Sumanth is yet another techie who found his passion away from his job. After finishing his engineering at R V College of Engineering, Sumanth was all set for his first job at Cognizant. “There was a four-month gap before we could join work. I had a Handycam with me, so my friend and I decided to make a short film.. that’s how it all began.”

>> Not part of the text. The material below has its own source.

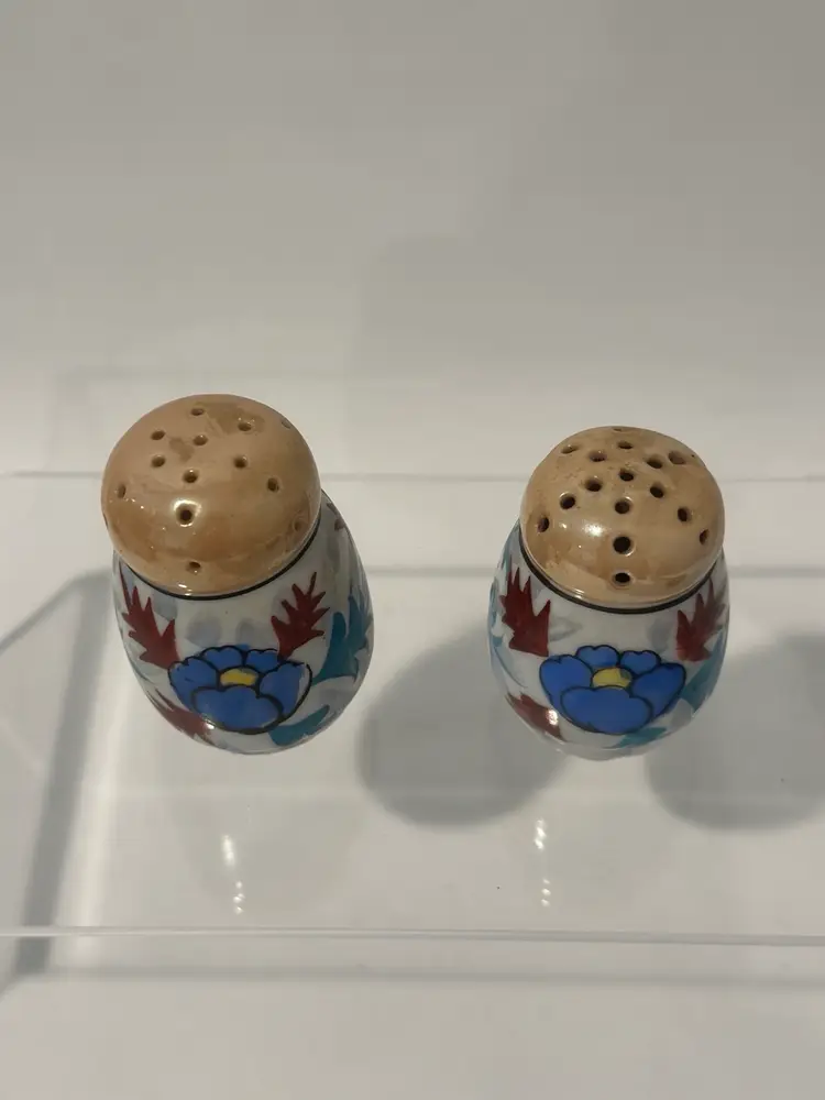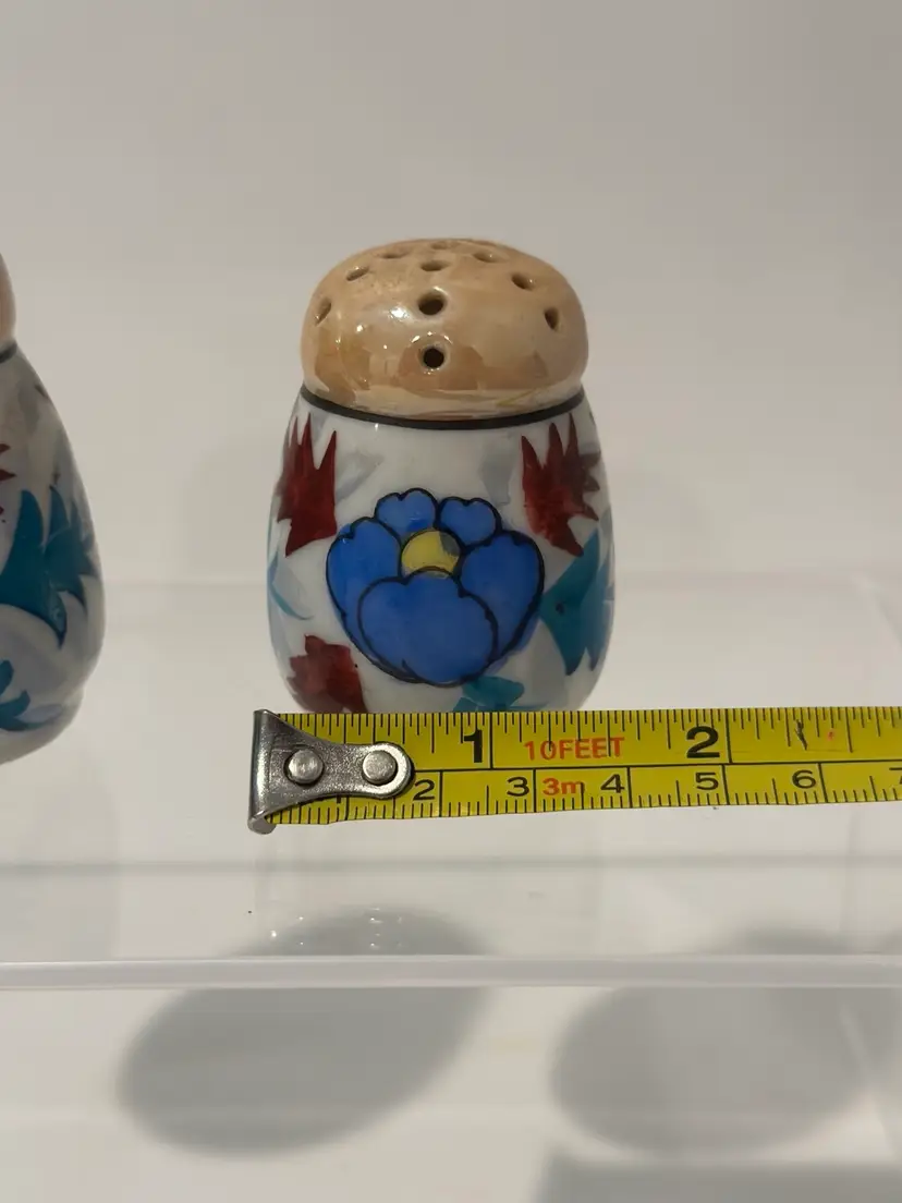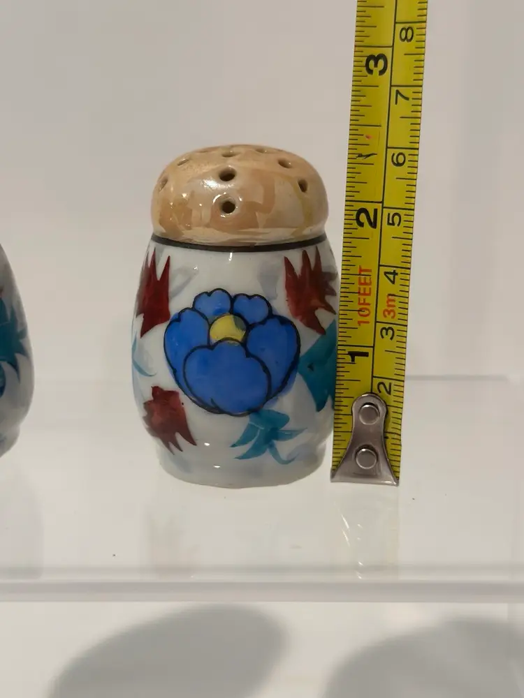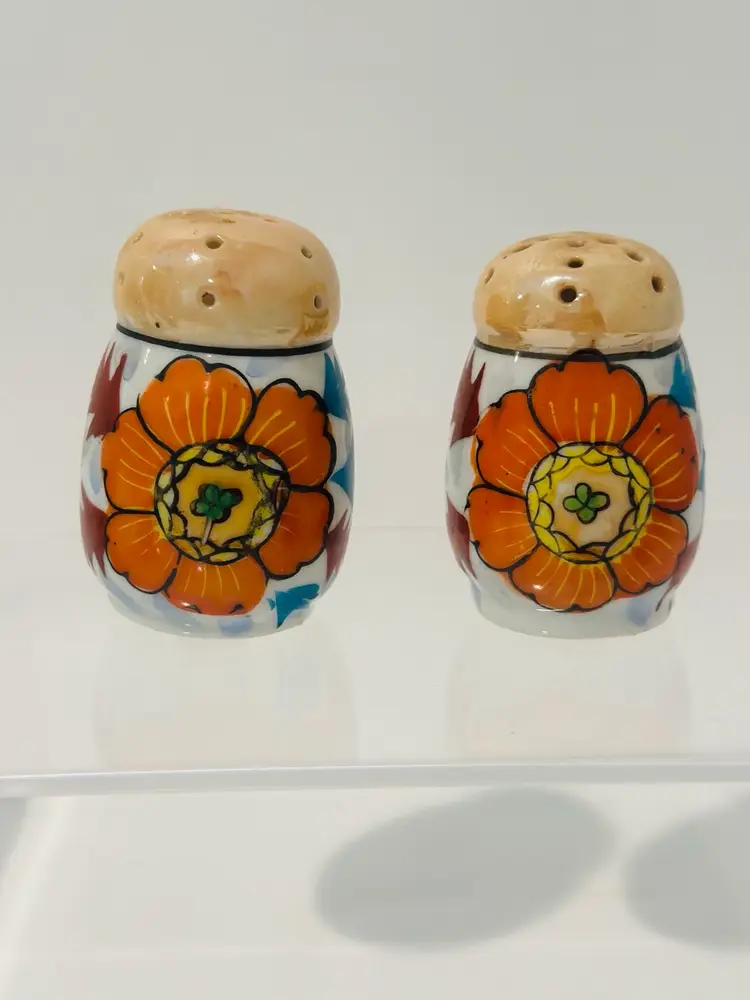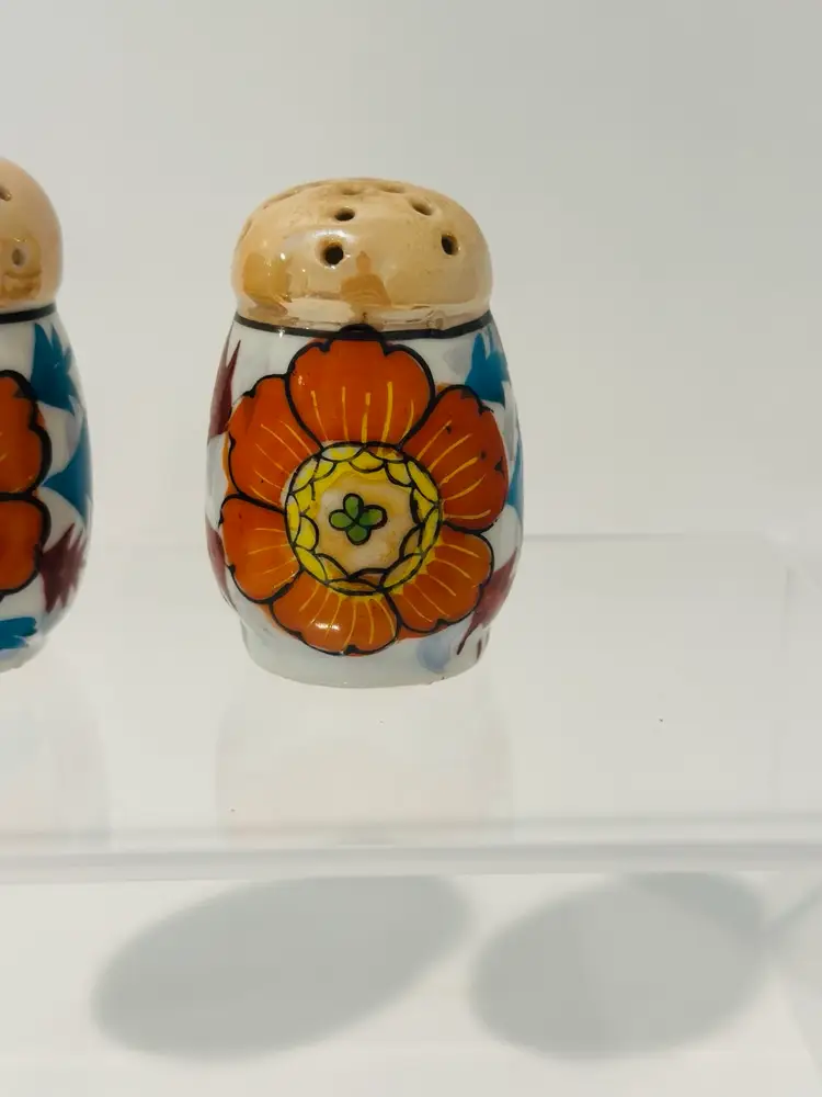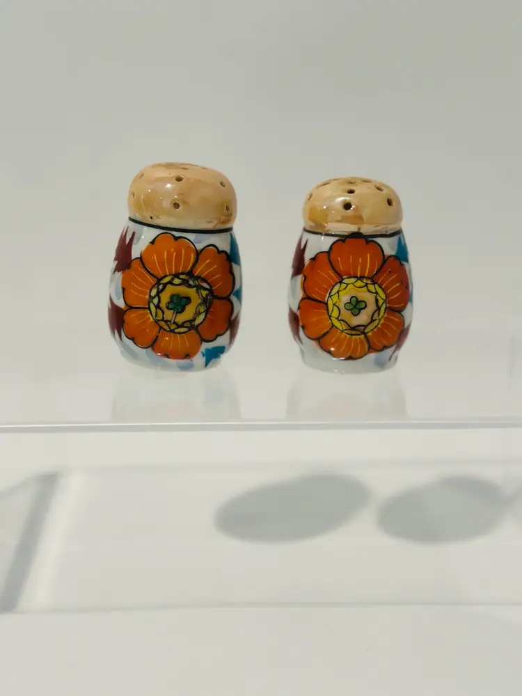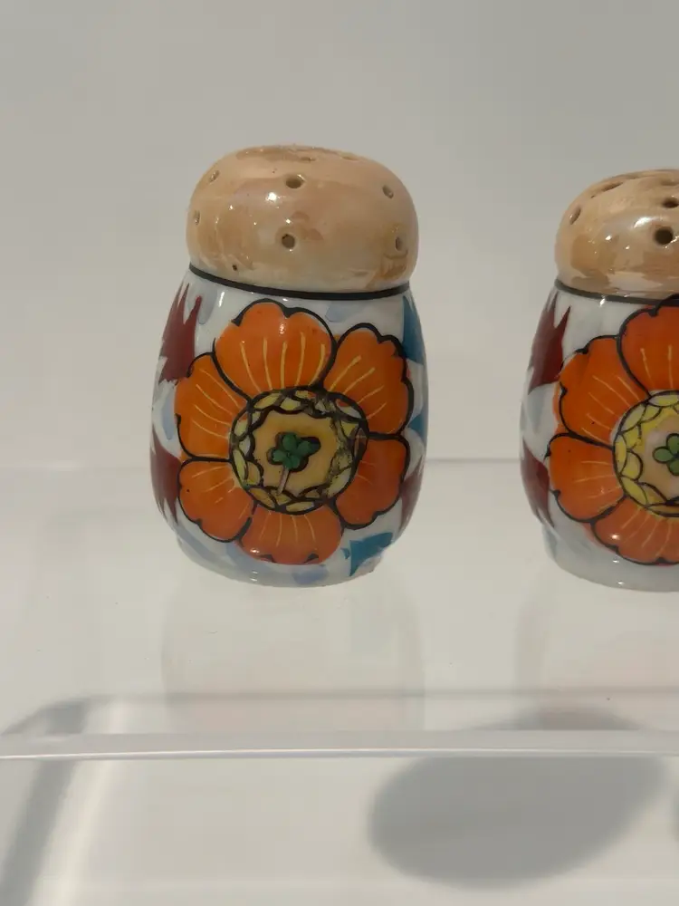 Add a touch of Japanese culture to your home with these vintage Lustre Ware Flower Salt and Pepper Shakers. Expertly crafted in Japan, they boast intricate floral designs that will add elegance to any dining table.

Athish S Shetty in ‘Mithya’

Athish S Shetty in ‘Mithya’ | Photo Credit: Special Arrangement

Recollecting how he met Rakshit, Sumanth says, “A common friend introduced me to Rakshit in 2008. He (Rakshit) was also doing short films back then, so we decided to collaborate together. We made a film called I Shot Myself, which Rakshit used for his portfolio. After that, I quit my job and started a design farm with my friend in Udupi. We worked at the firm from 2009 to 2020, before shutting it down to get back to filmmaking.”

Even as he is excitedly waiting for the theatrical release of Mithya, Sumanth is confident of writing his next. “Mithya’s release has given me closure. I was wondering if the film would see the light of the day. Now I can move on to my next with satisfaction,” he wraps up.